One of the psychometricians we worked with a lot was Dr. Robert Stake, and he used to say to me, “So what if a paper gets judged outstanding by one person and just competent by another person? Really? How much does it matter?” The important thing for him—and I think for most psychometricians—was to determine if the work was passing or not passing.

But more than that, we want to find out what are the outcomes for our students in their lives. For years when we were doing this, all anybody cared about was test results. And from the very beginning we were talking about what happens to the kids when they graduate? Can they go on to college? Can they succeed? Can they sustain themselves in college? For years we said, you know, you need the big picture here. And that's kind of been our—what do they call it?—“predictive reliability.” That's really what we've always thought was the important part.

I'm not saying that every student should be in college. Unfortunately, there aren't many vocational options available at this point. But you know, our goal has always been, we want to present every student with the option of college. We want to know that we've gotten every kid to the level where they can survive in college. And then looking at how many are doing that. Our very first study of outcomes from our program was done by Dr. Martha Foote, who looked at transcripts of the students in their second year of college to see if they were maintaining their GPA, and had they even returned for a second year—there is often a big drop-off between freshman and sophomore year.

JH:
Right.

PT:
And we did very well. Then we did the more recent data report, with information from the National Student Clearinghouse, and it shows our students are surviving into eighteen months, into the second year of college. So for us, that's much more important than getting the statistical reliability on a standardized test.

JH:
So, real-world application. From what I've seen on the data report, the consortium schools have higher graduation rates than the comparable New York Public Schools, and higher college attendance rates. And then what you pointed out, the students are actually staying in college—probably because they have the critical thinking skills that are more valued at that level. That's a really good reframing of how to look at the outcomes of schools rather than just the test score.

PT:
See, it all depends on what question you're asking.

JH:
Right, and I think it's important to point out in terms of reliability of scoring, that after our schooling is over, we stop filling in bubbles and the work we do is judged subjectively by human beings all the time.
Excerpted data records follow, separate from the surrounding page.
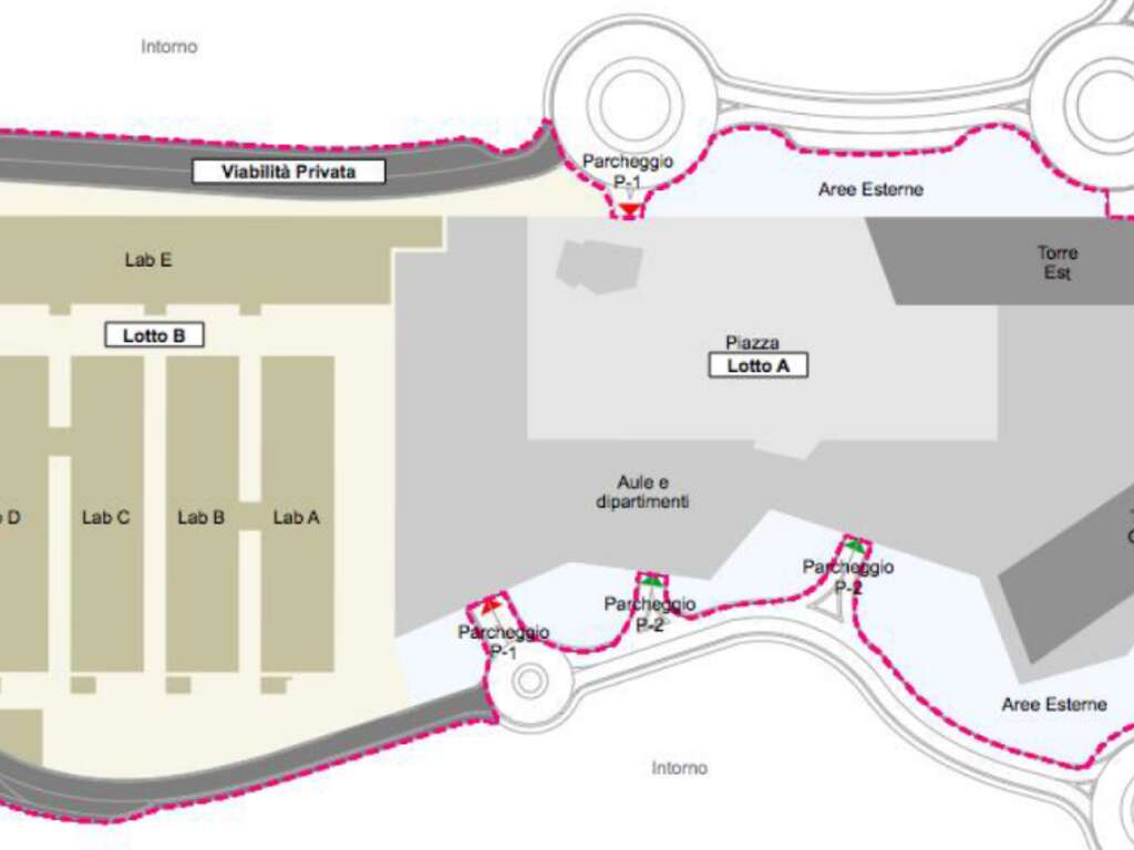 The project involves the construction, in two phases, of a complex of buildings intended to host the New Polytechnic School of Genoa, along with the provision of public and private parking facilities. The limited area and the diversity of spaces required by the University led Architect Mario Bellini to design the entire Campus as a single, articulated building, with the exception of the heavy laboratories, for which internal vehicular circulation was required. Within the perimeter of the Campus (total area approximately 400,000 sqm), a surface of about 16,860 sqm is occupied by a base platform that houses, on the lower levels, two parking floors (P-2 for public use and P-1 for private use), and on the upper levels, public and collective functions of the University Institute, including outdoor spaces and accessory volumes (such as a café and administrative offices). Inserted within the platform are two ten-story blocks, each with a footprint of approximately 90 x 20 meters, which accommodate the university departmental spaces. These two towers are arranged according to the radial lines defined by the original Master Plan, whose central directions converge into the park, the heart of the Science and Technology Park.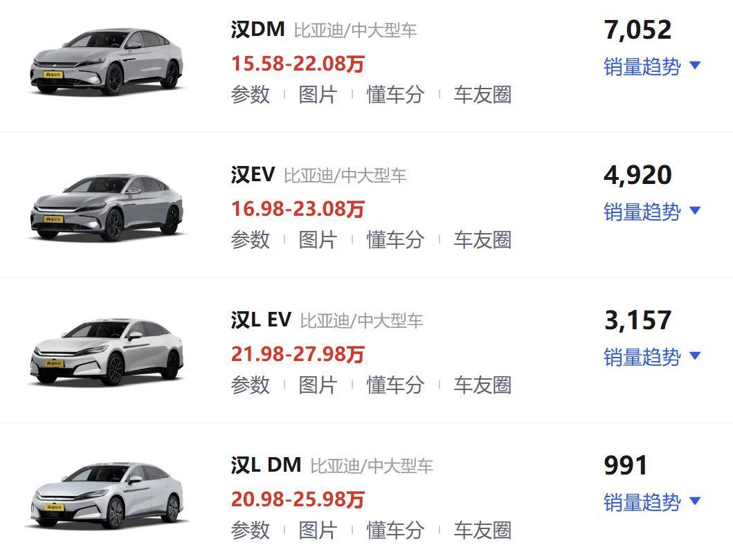 6月比亞迪漢銷量為11972輛,排名榜單第五名。其中,6月漢DM為7052輛;漢EV為4920輛。比亞迪漢L銷量為4148輛,排名榜單第十一名。其中,漢L DM為3157輛;漢L EV為991輛。截至上半年,比亞迪漢和漢L年內累計銷量分別為73485輛和12458輛,其中,漢L于4月9日上市,外觀造型整體傳承了漢的經典設計,尺寸方面長寬高分別為5050/1960/1505mm,軸距為2970mm,相比于漢車型,漢L尺寸均有所增加。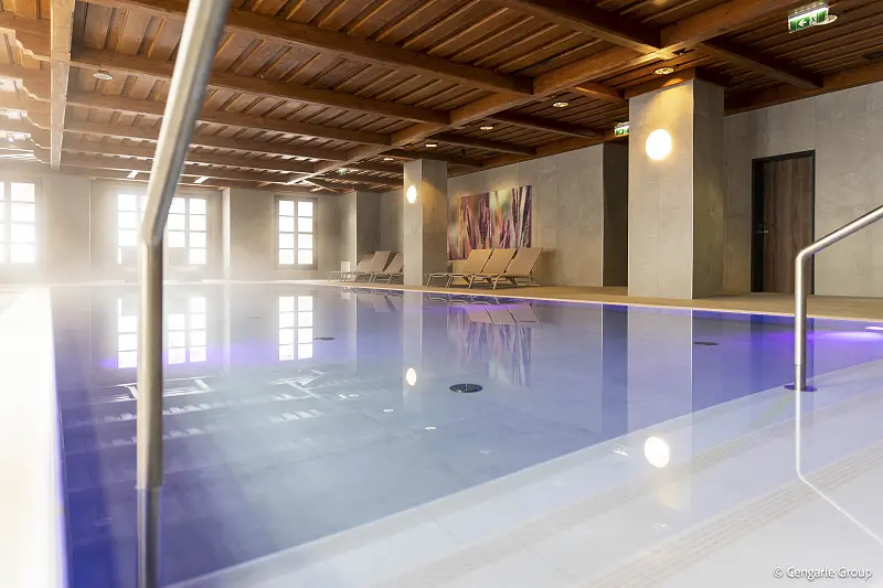 size wellness area 1500 m², swimming pool area: children of 0 years. only in the company of an adult - free of charge, indoor swimming pool 7 m x 14 m, spa area: children not allowed - free of charge, steam bath 1x - free of charge, sauna 2x - free of charge, relax room 1x, nudity area, garden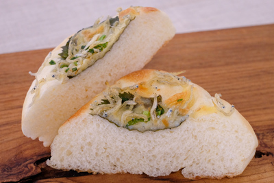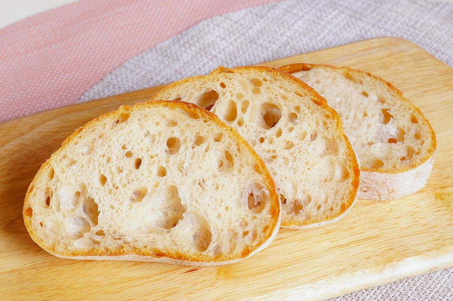 自然解凍後、あらかじめ余熱しておいたオーブンやトースターで温めてお召し上がりください。 パン全体に霧吹きなどで軽く水をかけてからトースターで3分~4分ほど加熱するとさっくり、もっちり出来たてのようになり美味しく召し上がれます。 厚みのあるパンは表面がこげやすいのでアルミホイルをかけて加熱してください。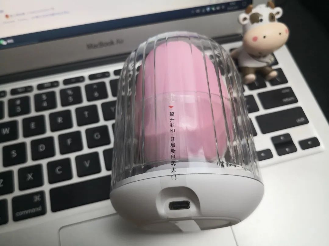 可爱的粉色小墩子,照在琉璃小笼子,简简单单,外观细腻、确实能斩获众人的青睐。揭开罩子,小鸟像是得到了自由,张着嘴巴,吸吮着自由的空气。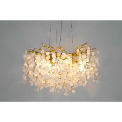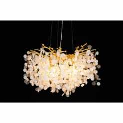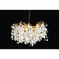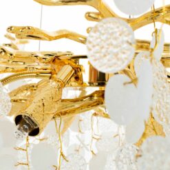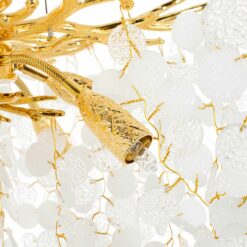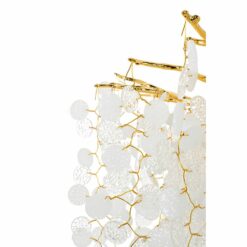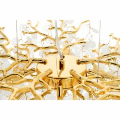 - Ekskluzywny design: Lampa Riviera wykonana jest z akrylowych kloszy, które precyzyjnie zamontowano na stalowej obręczy w kolorze złotym. Design imitujący gałęzie drzewa dodaje lampie unikalnego charakteru.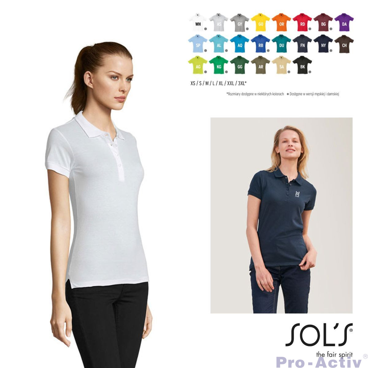 Opis: SOLS PASSION Damskie Polo koszulka damska z kołnierzykiem, 170 g / m?,w 100% bawełna pique. Produkt owdoskonałym stosunku jakości do ceny, szeroka gama kolorów, piękny kobiecy krój. 4 guziki, prążkowany kołnierzyk i rękawy, wzmocniony tasiemką dekolt, prosty dół, boczne szwy, zapasowy guzik w bocznych szwach. Smukły krój z krótkimi rękawami i bocznymi szwami. Odrywana etykieta. OEKO-TEX?. Rozmia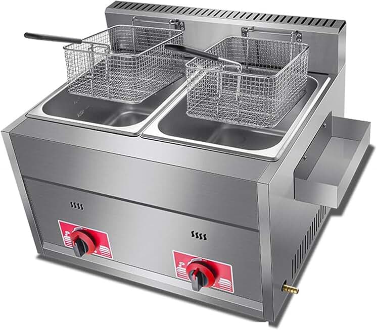 Commercial Deep With Seasoning Trough And 2 Stainless Steel Frying Baskets, Thick Stainless Steel Counter Top, Fryer Double-cylinder Gas Deep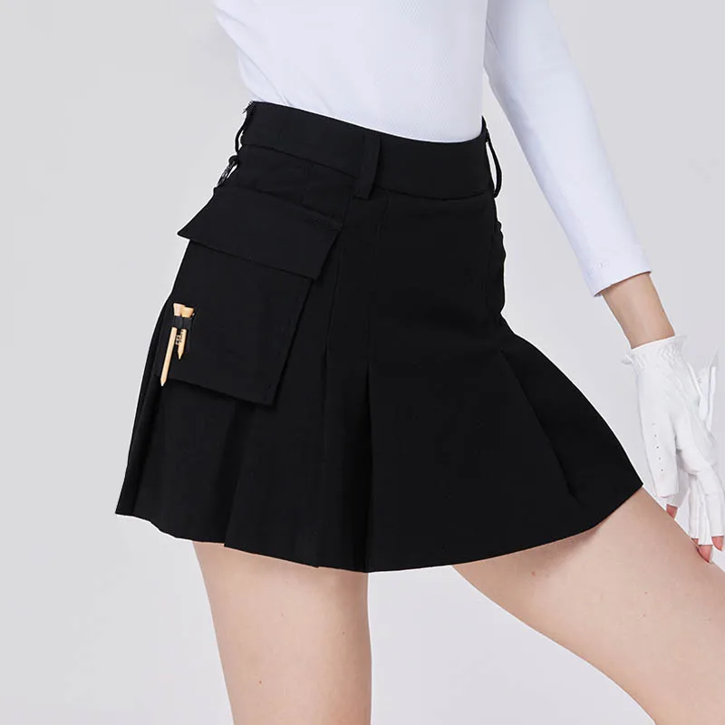 Blktee New Golf Skirt Women’s Elastic Waist Sports Skirts Ladies Pleated Pockets Short Skort High Waist Tennis High-end Golf Culottes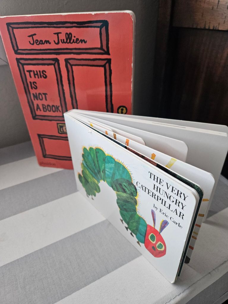 - Books that you are too scared baby will damage: First of all, the books are for the kids, so let them hold all of it, even if that means ripped pages. What’s more precious: the book, or your kid learning to love engaging with a book? But I get it, you spent $25 on that hardback. Get a board book instead and let them love it.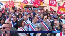 Conflit alsthom. opération ville morte à Belfort-le tvg a l'arrêt-machine recouverte bâche. Affiche CGT. Blocage des axes routiers-file de camions. Banderoles de soutien aux grévistes. Table de négociations.<br /><br /><a href="http://www.ina.fr///video/CAA7901842101/alsthom-belfort-ville-morte.fr.html#xtor=AL-3" target="_blank" style="color:#0086b0;">Retrouvez ce media sur Ina.fr</a>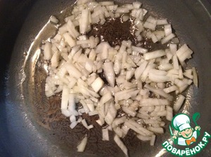 Лук слегка обжарить на растительном масле. Я для этого использовала масло от вяленых томатов

We're at a really important crossroads moment in public education right now. I wonder how you would advise [secretary of education] Arne Duncan, and what you hope for the future of public education in the United States.

PT:
One of the problems with the resistance movement is there's not enough being offered about what could be instead of standardized testing. So I just wish that there were more discussions about how education itself can benefit from a change in this kind of attitude of standardization, and there's not enough discussion about the amount of money that is going into wasteful practices. Can you imagine the billions that have been spent on the worst kinds of testing and activities and all the groups that have gotten rich from all of this? The amount of money that's being spent on so-called gurus and specialists and people who talk to each other but are so distant from the classroom and from the kids. It's just incredible. It's a topsy-turvy world.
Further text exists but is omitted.